Monday, April 11, 2016

Melungeons: Anatomy of a Myth

I was going through my files and cache of links this afternoon and found this article, I thought I'd pass it on.

" It was political correctness that provided the inspiration for the work of Brent Kennedy, a self-styled melungeon "scholar" whose book The Melungeons: The Resurrection of a Proud People: An Untold Story of Ethnic Cleansing in America was published in 1997.  In this elaborately-titled work Kennedy -- who himself claims Melungeon ancestry -- argues that the Melungeons constitute a distinct ethnic group whose existence has been obscured for generations due to institutional racism, cultural assimilation, and scholarly neglect.

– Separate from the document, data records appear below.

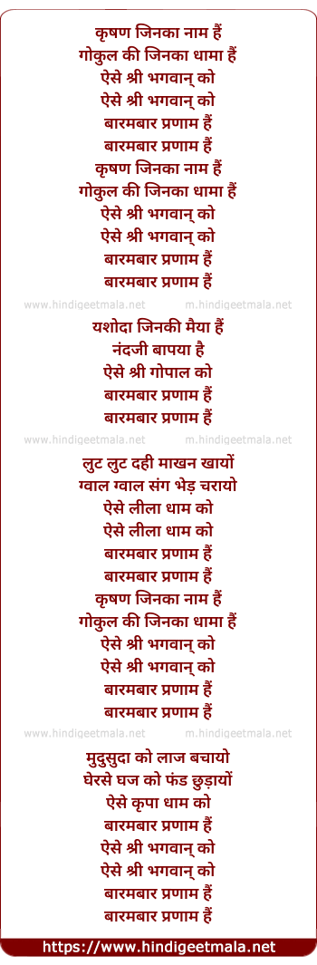 Lyrics of Krishana Jin Ka Naam Hai - कृषण जिनका नाम हैं
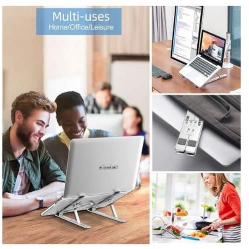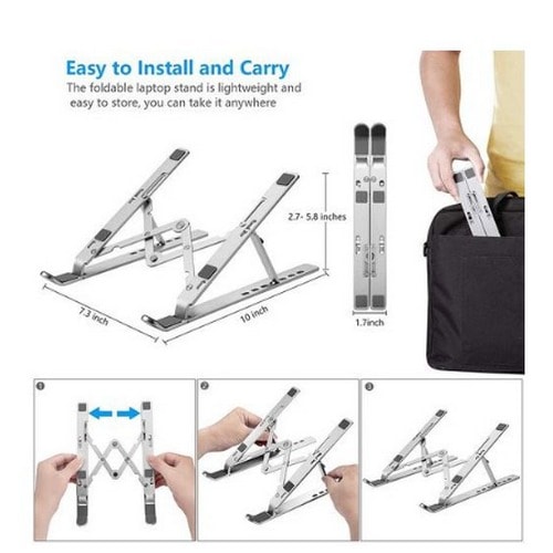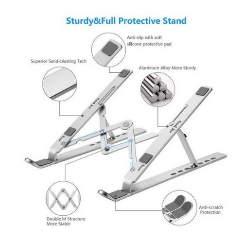 The Innovative Laptop StandSleek adjustable laptop stand made of aluminium alloy with 6 angles of adjustments. Lightweight durable design allows laptop device to breathe away from the surface. It improves air circulation around the laptop device. Multi angle adjustments reduces back aches and tension associated with incorrect sitting posture when using the laptop. The laptop stand provides a better experience for you and better conditions for your laptop. It just makes carrying easy and holds your laptop firm and steady. It's not a desk but bring losts of convenience for your life.
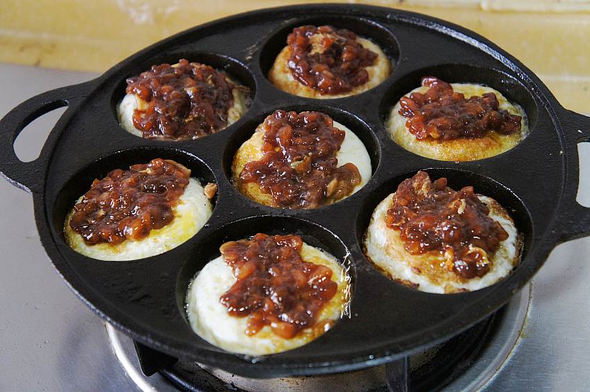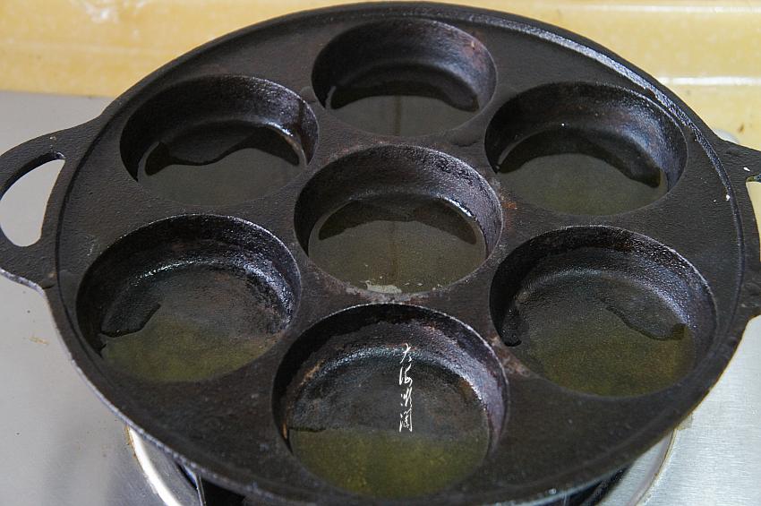 3、蛋堡锅小火慢慢加热,每一个模子中都加入少许油;
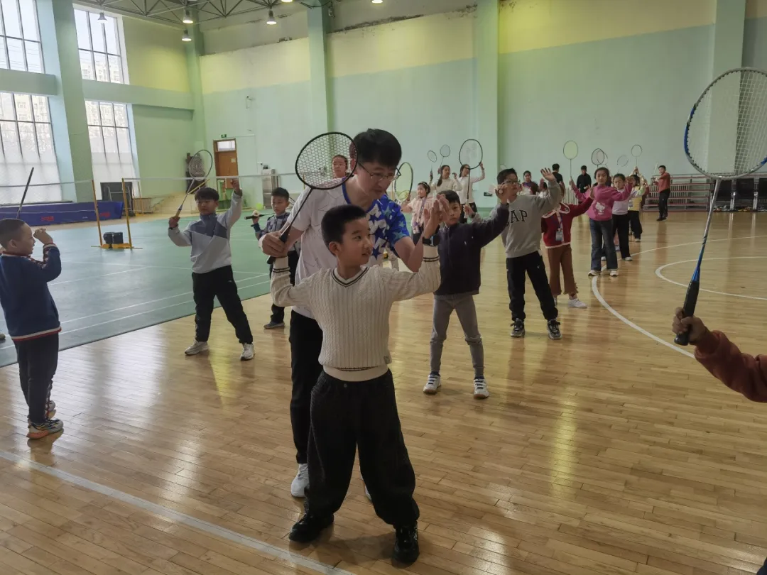 第三天的羽毛球课同样备受欢迎。医院羽毛球协会会长李剑魁老师带来专业指导,从正确的握拍、站姿,到挥拍击球的技巧,一步步耐心教学,还亲自纠正每个孩子的动作。孩子们学得有模有样,两两对练时互相配合、互相鼓励,即便偶尔接不到球,也笑着重新再来,快速入门的同时更培养了坚持的品格。
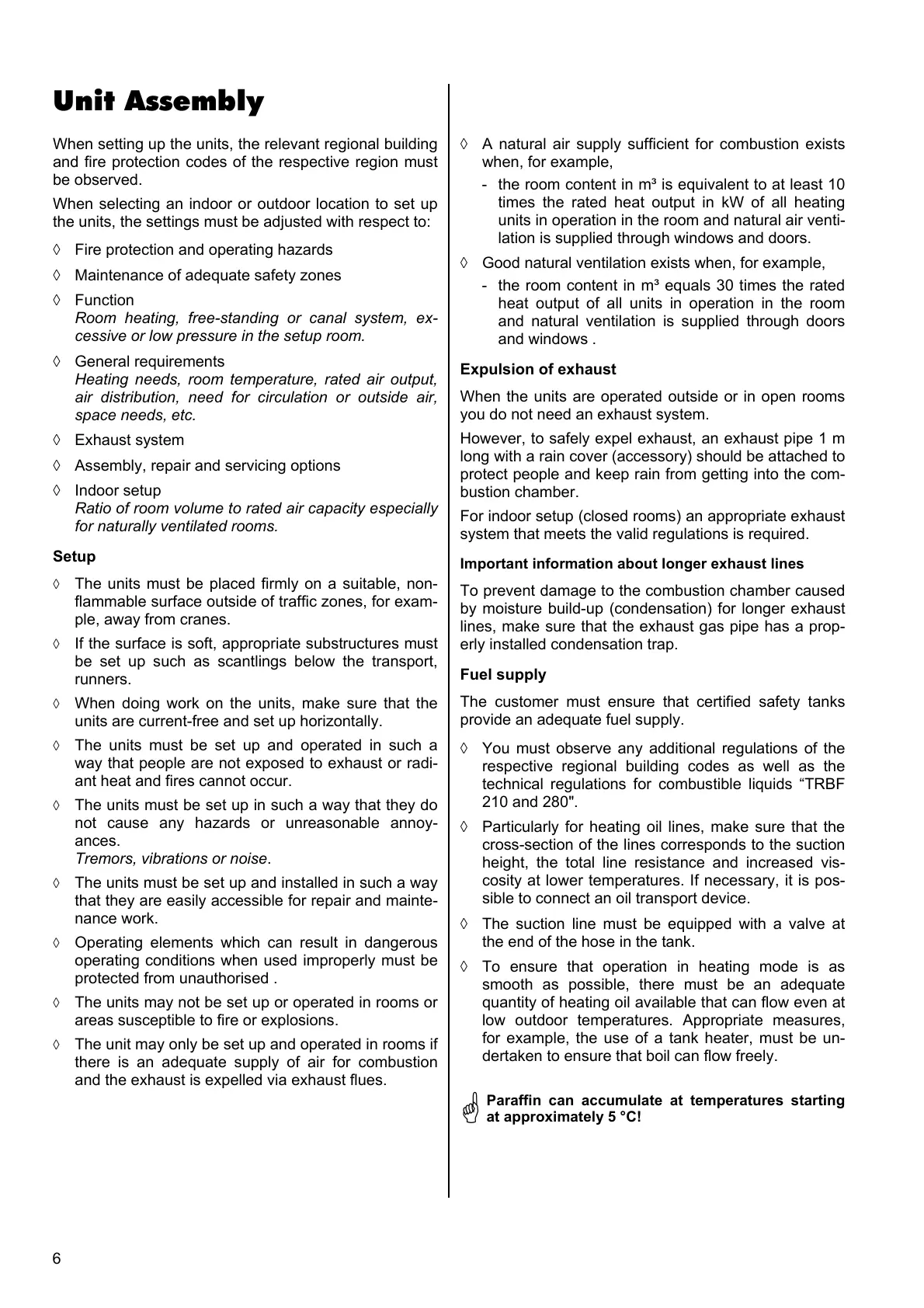 ◊ The units must be set up in such a way that they do
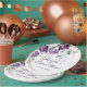 Hermosas peonías moradas, lavanda y blancas y verdes mezclados caen en cascada sobre elegantes letras y fuentes creando este lindo plato
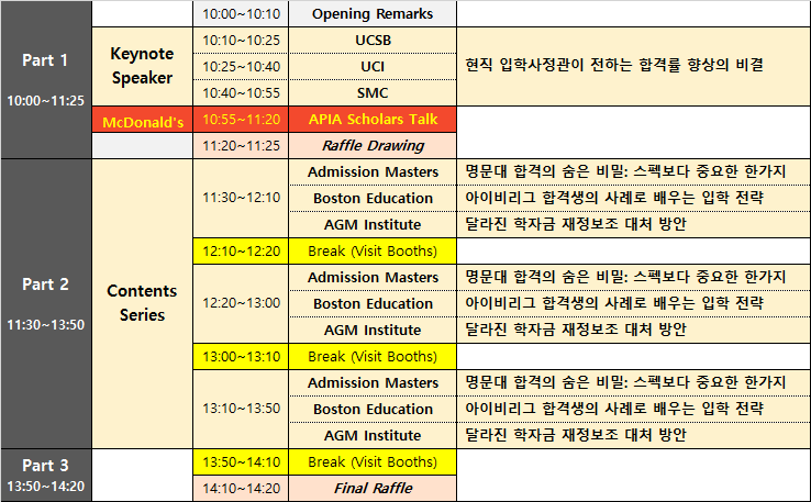 누구나 무료로 참여할 수 있다. 참가를 원하는 학생과 학부모는 bit.ly/19thKDCollegeFair 에서 사전등록 가능하다.
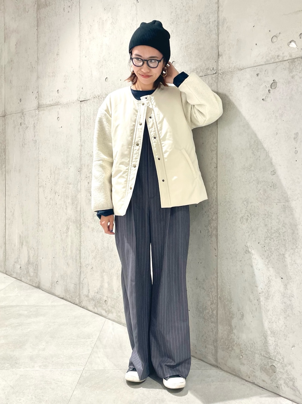 タートルネックと好相性。パンツはすとんと落ちる生地感なので、袖に特徴のあるトップスと合わせてもバランスよく着ていただけます。
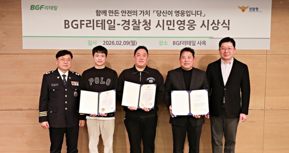 BGF리테일이 경찰청과 공동으로 시민의 생명을 구한 영웅들을 격려하는 '2026년 시민영웅 시상식'을 개최했습니다.
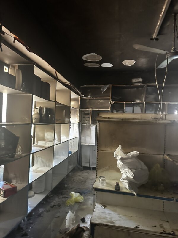 Η φωτιά προκάλεσε ανυπολόγιστες ζημιές, αφανίζοντας το σύνολο των εμπορευμάτων και αφήνοντας το κτίριο σοβαρά επιβαρυμένο.
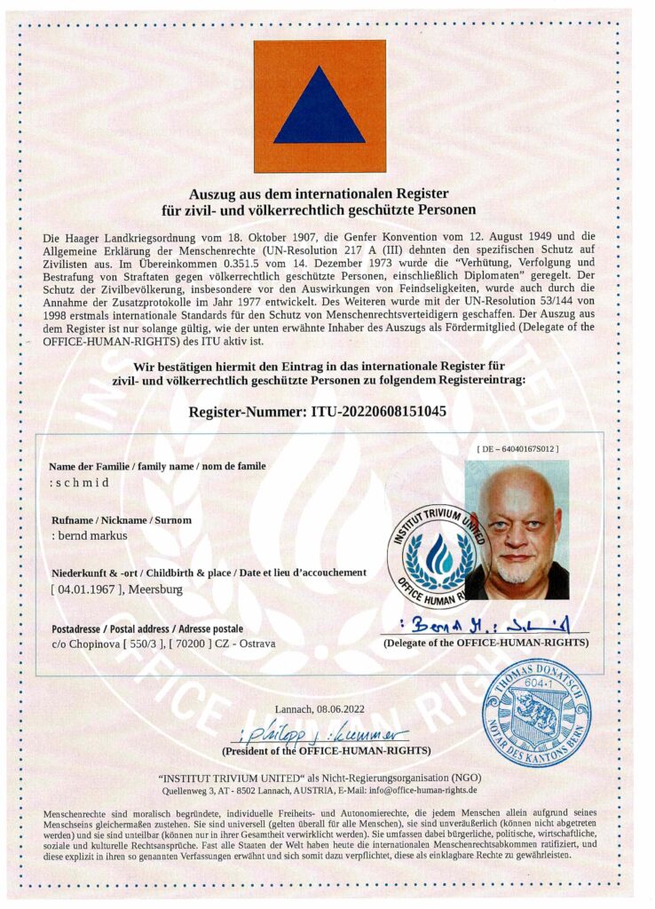 Das “INSTITUT TRIVIUM UNITED“ als NGO führt ein internationales Register für zivil- und völkerrechtlich geschützte Personen nach der Haager Landkriegsordnung, der Genfer Konvention IV und deren Zusatzprotokolle.
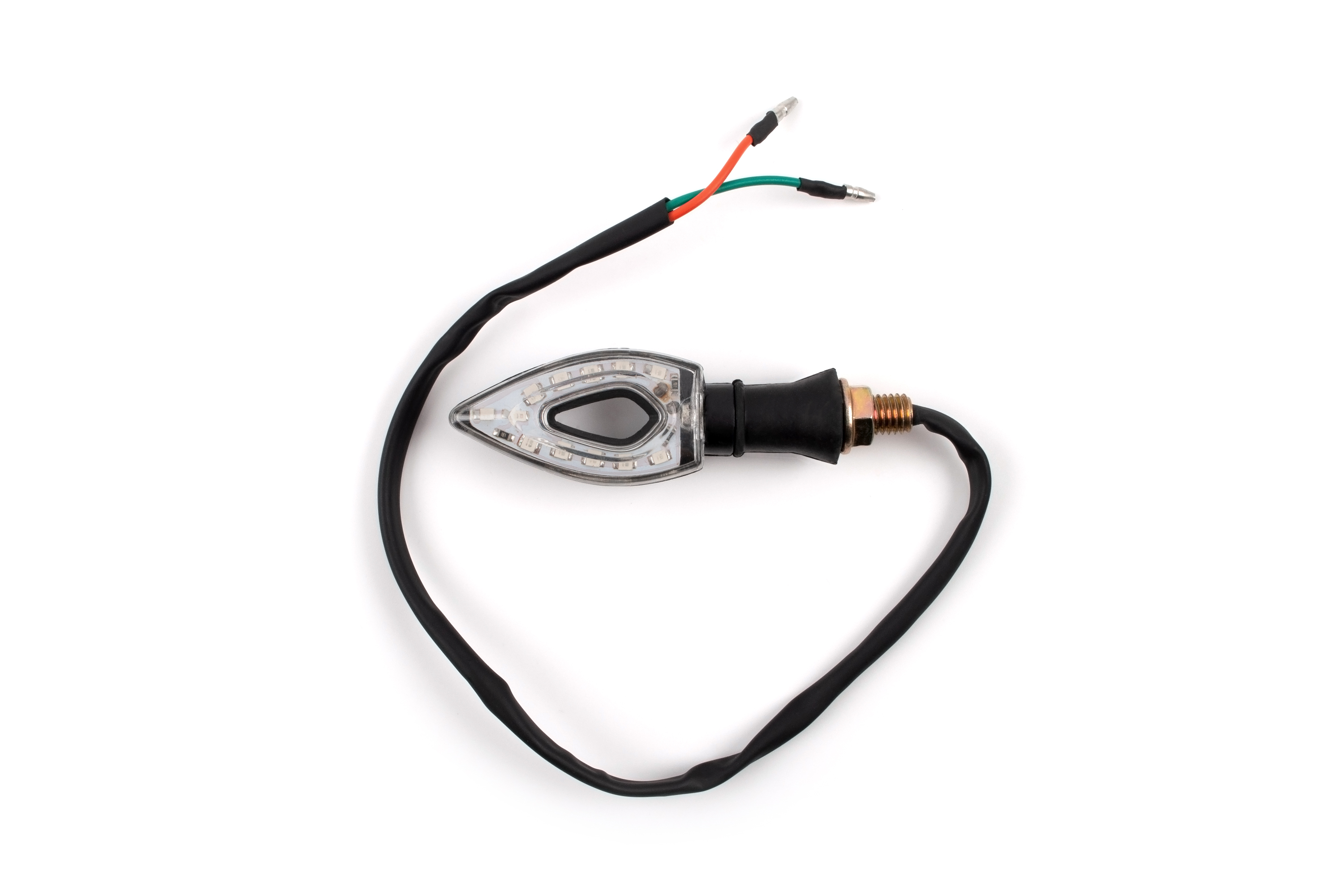 - Комплект светодиодных указателей поворота для мотоцикла (2 шт, дизайн «Стрела», прозрачное стекло)

One the surface, Kennedy's argument is quite compelling. There is only one problem:  he presents absolutely no tangible evidence to support his claims.  The Melungeons is presented as a multi-disciplinary scholarly analysis of a lost culture; yet the book does not contain a single primary source reference, and aside from Kennedy's polemical rantings about cultural genocide, offers no new interpretations of the melungeon legend. His account of Melungeon history is merely a rehash of all the old theories and speculations on the group's origin;  his clumsy attempt at a genetic analysis is stymied by a total absence of evidence; and his anthropological arguments are based upon a definition of his subject group that is far broader than any used by the academic community and equally loose interpretations of census data. Yet as Dr. Virginia Easley DeMarce suggested in her review of The Melungeons, Kennedy's greatest failure was as a genealogist. DeMarce points out numerous inconsistencies in his genealogical analysis, a substantial number of which were in his own family tree."